[Action item] Nothing but the lines from the one containing "2017 – Circula, tendo" to the end of the data should be copied, exactly, and the pictures stay out.

[Recorded information]
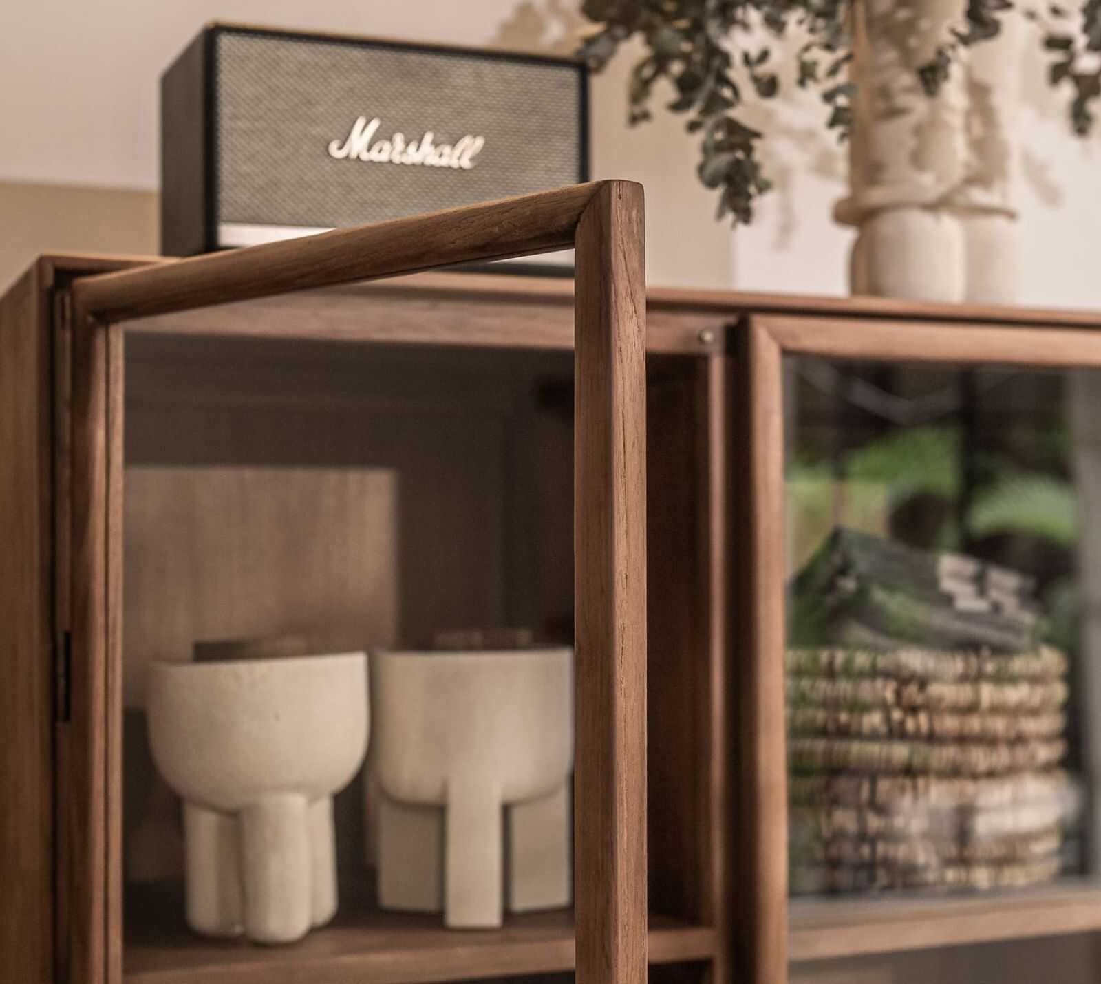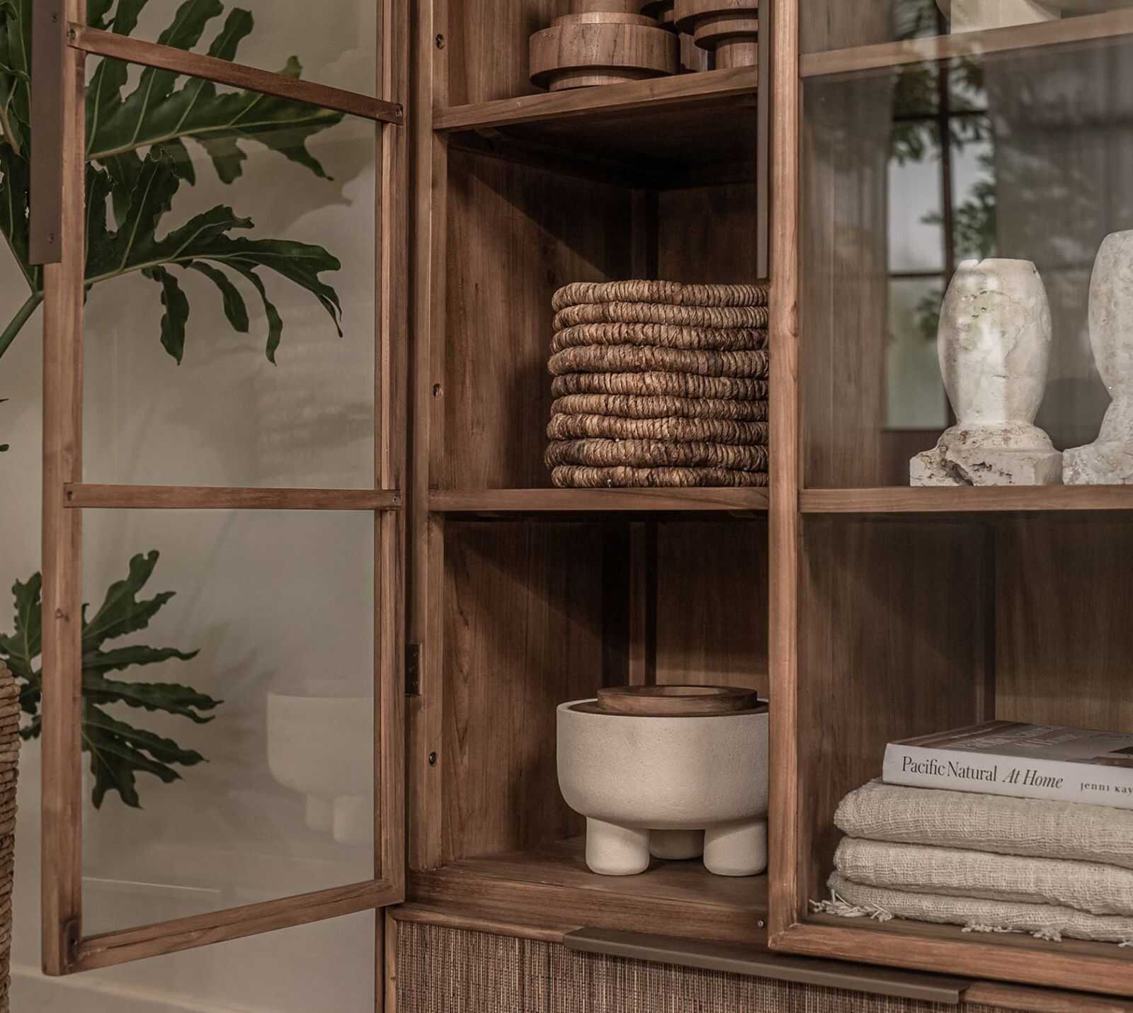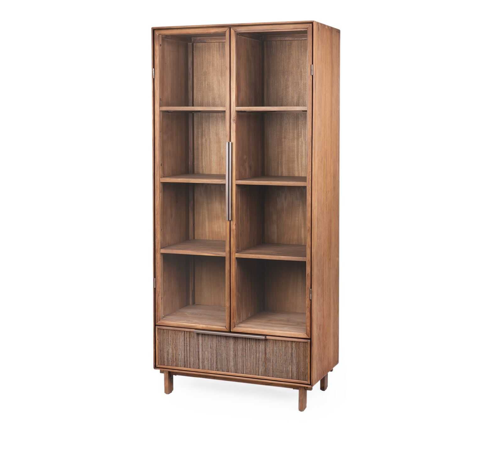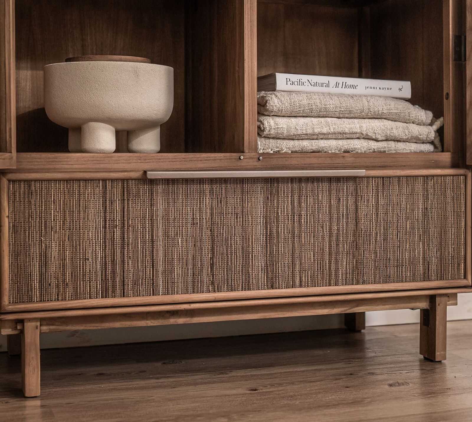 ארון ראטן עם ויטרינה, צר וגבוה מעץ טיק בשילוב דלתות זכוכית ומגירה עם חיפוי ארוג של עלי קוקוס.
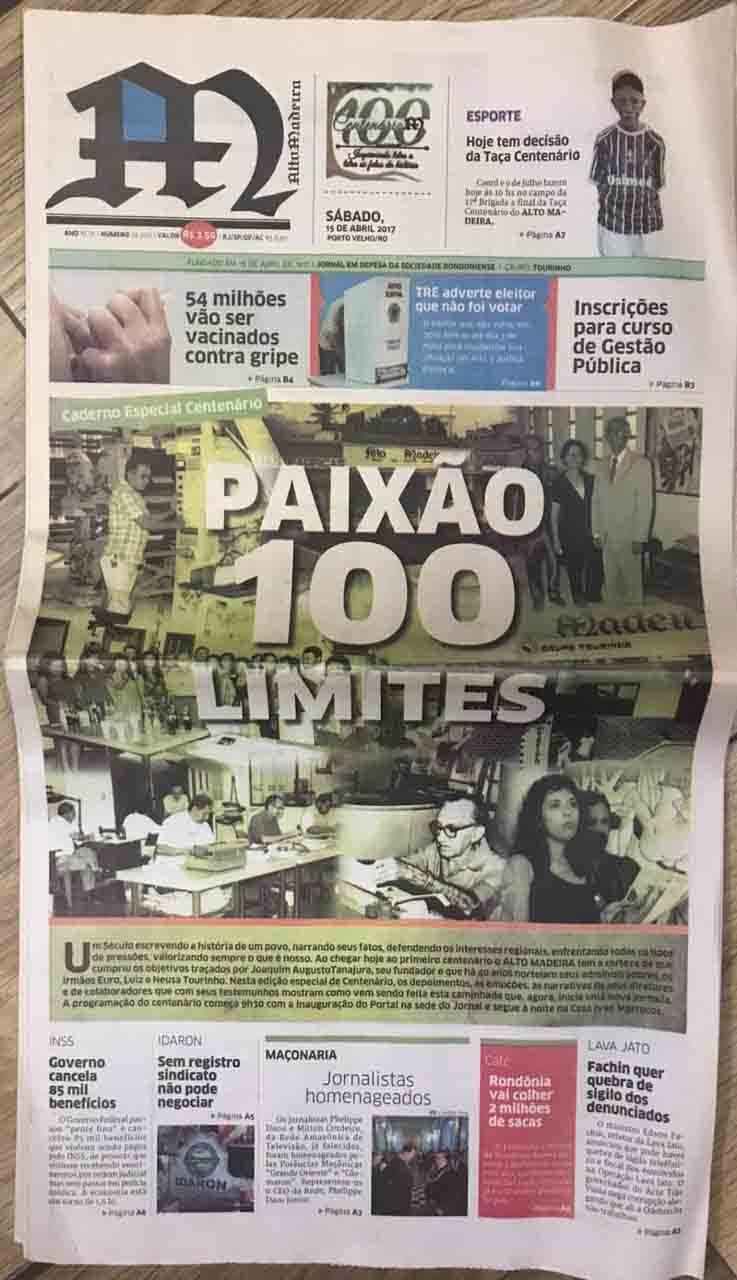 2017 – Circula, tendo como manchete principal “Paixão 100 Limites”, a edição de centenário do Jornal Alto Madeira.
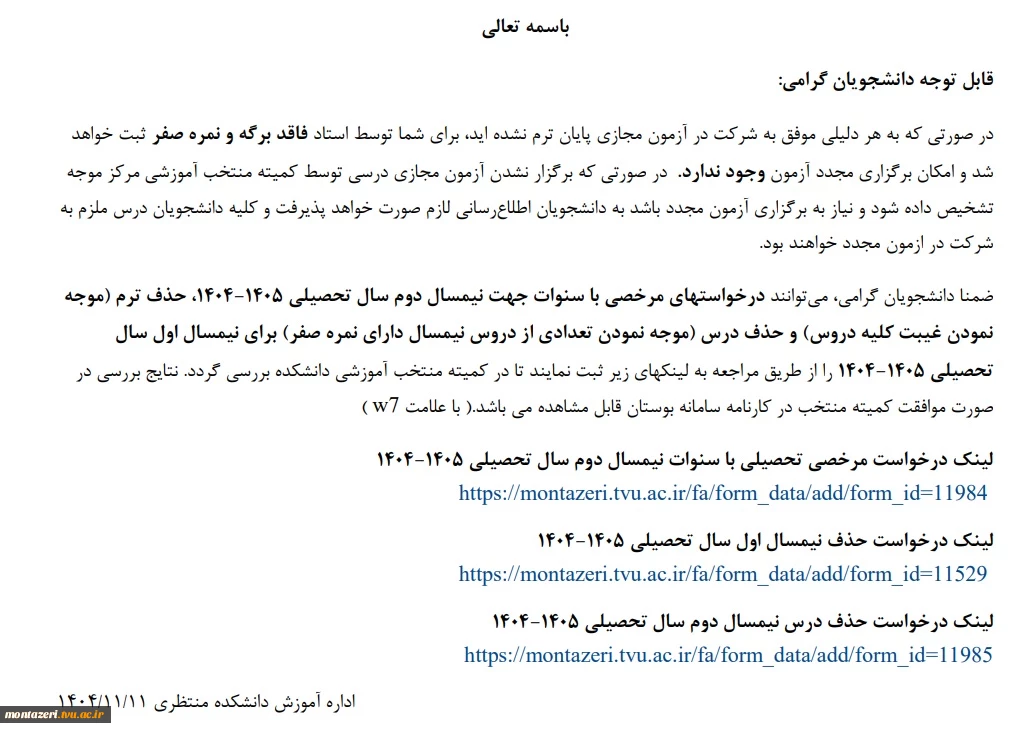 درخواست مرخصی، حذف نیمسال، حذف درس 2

[Response]
 2017 – Circula, tendo como manchete principal “Paixão 100 Limites”, a edição de centenário do Jornal Alto Madeira.
 درخواست مرخصی، حذف نیمسال، حذف درس 2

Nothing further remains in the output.